Sunday, June 4th 2023, 12:00 AM EDT
Updated:

21 WFMJ archives / June 5, 1963 | Alumni of the Rayen School attended the 97th-anniversary reunion at the school 60 years ago. Barbara Drabkin, from the Class of 1963, pinned a carnation on Charles Henderson, former Youngstown mayor.
June 4
1998: The Lordstown-built Chevrolet Cavalier had its best sales month in 11 years, with 31,800 cars sold, the most since the model sold 33,500 in March 1987.
Youngstown City Council is faced with a pleasant chore, deciding how to spend a $4.3 million windfall, which the city will receive as part of $2 billion in rebates the Ohio Bureau of Workers Compensation is distributing throughout the state.

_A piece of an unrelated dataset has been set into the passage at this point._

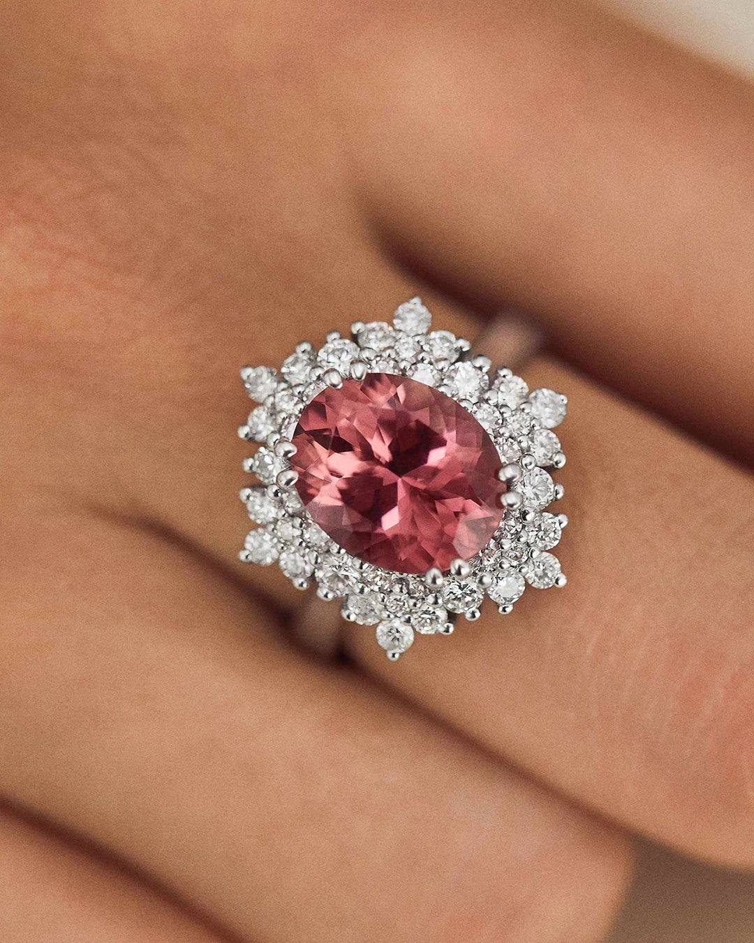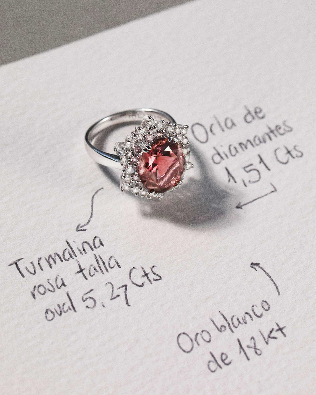 Anel de turmalina rosa Petra e diamante feito em ouro branco 18 quilates. A coleção Petra presta ...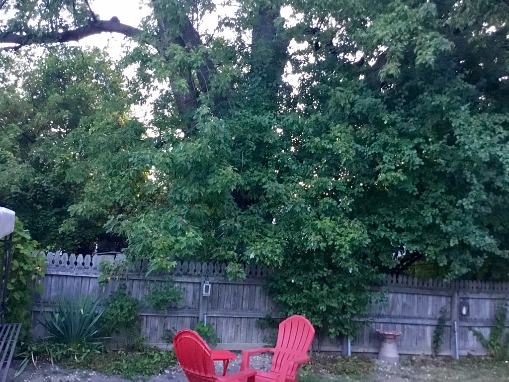 When I went out (OK, a day or so early) to check the positioning of the sun’s hello to the day in the backyard at a bit after 7 a.m., I discovered that the kiss with the horizon is blocked by the tree line on the neighbor’s east side of the fence.

Sharon Tube Co. is seeking a 75 percent abatement in real and personal property taxes for an $8 million expansion and improvement project at its Hunter Street facility in Niles.
1983: Republic Steel Corp. receives praise from the Ohio Environmental Protection Agency for building an acid recycling plant at its Warren Works.
The 150-year-old Beardsley-Walter-Dehn House adjacent to Boardman Township Park is being restored.
Boardman's Dave Dravecky, 27, becomes the first Major League pitcher of 1983 to win eight games.
1973: A violent storm rakes the Youngstown area, dropping marble-sized hail on some areas.
Two men who threatened to blow up two large dams in West Virginia unless they were given huge sums of money are arrested by state police and FBI agents.
1948: A four-man gang of South Side youths who broke into 150 to 200 Youngstown and Boardman Township homes over two years is rounded up by Mahoning County Deputy Sheriff Robert "Whitey" Bertolette.
Youngstown Traffic Commissioner Clarence Coppersmith warns motorists of their responsibility to yield to pedestrians in marked crosswalks.
A stray dog enters St. Dominic School and bites student James B. Kicher, 12.